This is because the human brain has a tendency to reduce the impact of stressful situations. In fact, a significant portion of those polled even stated that in the end, they were happy to have had the negative encounter as it gave them a fresh way to look at things. When similar questions were asked to those who had purchased a high-end item, their levels of happiness were consistently lower as time went on.
So when it comes to the age old question of “Does money buy happiness?” the answer is a resounding yes – provided you spend it on the right things. But of course, you should still aim to make every dollar go as far as possible in pursuit of great experiences. Take a look at the infographic below to see a visual summary of the research on money and how it can buy happiness.
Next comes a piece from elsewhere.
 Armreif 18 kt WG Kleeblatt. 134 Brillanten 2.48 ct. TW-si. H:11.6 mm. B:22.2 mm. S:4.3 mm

If You Want To Be Happy, Spend Money On Experiences, Not Things InvestmentZen news, Hazel Garcia (23/1/17)
Why You Should Spend Your Money On Experiences, Not Things Forbes, Travis Bradberry (9/8/16)
The science of why you should spend your money on experiences, not things Fast Company, Jay Cassano (30/3/15)
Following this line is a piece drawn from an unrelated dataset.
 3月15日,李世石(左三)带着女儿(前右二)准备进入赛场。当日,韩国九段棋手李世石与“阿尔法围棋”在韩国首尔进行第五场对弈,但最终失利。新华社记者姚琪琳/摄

To feel happier, talk about experiences, not things Cornell Chronicle, Susan Kelley (29/1/13)
The way we shop now: the revolution in British spending habits The Guardian, Katie Allen and Sarah Butler (6/5/16)
Just do it: the experience economy and how we turned our backs on ‘stuff’ The Guardian, Simon Usborne (13/5/17)
Questions (by JS)
- Why does buying material goods not buy happiness? Does this apply to all material goods?
- What is different, in terms of happiness, about buying experiences? Does this apply to the consumption of all services?
- Is the consumption of experiences subject to diminishing marginal utility (a) for specific experiences; (b) for experiences in general? Explain.
- Why do we seem not to care as much about the “Jones'” vacation as about their income or possession of material goods?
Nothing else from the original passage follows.